One practical way to analyze a model performances is to quantify its forecasting error growth. To do so, it is necessary to launch a forecast from some known initial conditions and to compare this forecast to the original time series.

To illustrate the method, the global modelling technique is first applied in order to get an ensemble of models for which predictability will be tested.

# load data
data("Ross76")
# time vector
tin <- Ross76[seq(1, 3000, by = 8), 1]
# single time series, here y(t) is chosen
data <- Ross76[seq(1, 3000, by = 8), 3]
# global modelling
# results are put in list outputGPoM
outputGPoM <- gPoMo(data[1:300], tin = tin[1:300], dMax = 2, nS=c(3),
                    show = 0, method = 'rk4',
                    nPmin = 3, nPmax = 12, IstepMin = 400, IstepMax = 401)

Eight models are here obtained:

sum(outputGPoM$okMod)

which(outputGPoM$okMod == 1)

For one single initial condition, the forecasting error is defined as:

$e(t,h) = y(t+h) - y^{obs}(t+h)$,

with $t$ the time at which forecasting is launched, and $h$ the horizon of prediction.

Such a forecasting error $e$ can be estimated for one model, starting from one chosen initial state.
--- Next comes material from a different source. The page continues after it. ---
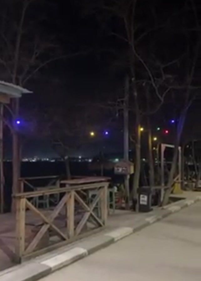 The scene is captured at night, presenting a tranquil outdoor space illuminated by a string of colorful lights. The string features blue, yellow, and red bulbs. Along a paved walkway are bare-branched trees positioned between the walkway and a wooden fence that fronts a patio area. On the patio are tables, suggesting a dining or recreational area. In the background, the distant lights of a city stretch across the horizon. A trash receptacle is visible between the trees, near the walkway. The sky is a dark, inky black, adding to the nighttime atmosphere.

Model #1 is defined by the following set of equations:

visuEq(outputGPoM$models$model1)

The initial state can be chosen as:

x0 <- head(outputGPoM$filtdata, 1)[1:3]

This model can be integrated numerically, starting from this initial condition x0 using the numicano function, and providing the prediction $y(t)$ to be compared to the original time series $y^{obs}(t)$.

###############
# forecasting #
###############
outNumi <- numicano(nVar = 3, dMax = 2, Istep = 100, onestep = 0.08, 
                    KL = outputGPoM$models$model7, v0 = x0, method = 'rk4')

plot(outputGPoM$tfilt, outputGPoM$filtdata[,1], xlim = c(0,10),
     type='l', main = 'Observed and simulated',
     xlab = expression(italic(h)), ylab = expression(italic(y(h))))

t0 = outputGPoM$tfilt[1]
lines(outNumi$reconstr[,1] + t0,outNumi$reconstr[,2], type='l', col = 'red')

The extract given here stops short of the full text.